Where the line containing "该应用可为会计人员提供便捷的" appears below, begin there and reproduce each line exactly through the last one, omitting pictures.

_MATERIAL PROVIDED_:

——

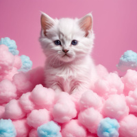 blue eyes and a white coat. The kitten appears to be sitting or lying down amongst several soft, pastel-colored balls. These balls could possibly be used for play or training purposes. The background is plain and does not distract from the main subject of the photo, which is clearly the kitten itself.
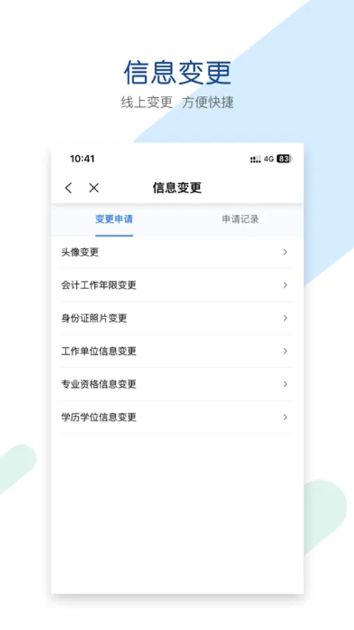该应用可为会计人员提供便捷的信息采集,信息变更,主要功能包括:会计人员信息采集,信息变更,人员调转,信息查询,学分折算,查看申请记录等功能。
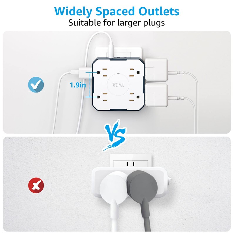 - 【Widely Space Outlets】The wall outlet extender with 3-side design and 8 AC outlets with wide space in between, makes it enough to fit larger adapters without blocking and suitable for all kinds of equipment.

——

_TASK RESPONSE_:
该应用可为会计人员提供便捷的信息采集,信息变更,主要功能包括:会计人员信息采集,信息变更,人员调转,信息查询,学分折算,查看申请记录等功能。
 - 【Widely Space Outlets】The wall outlet extender with 3-side design and 8 AC outlets with wide space in between, makes it enough to fit larger adapters without blocking and suitable for all kinds of equipment.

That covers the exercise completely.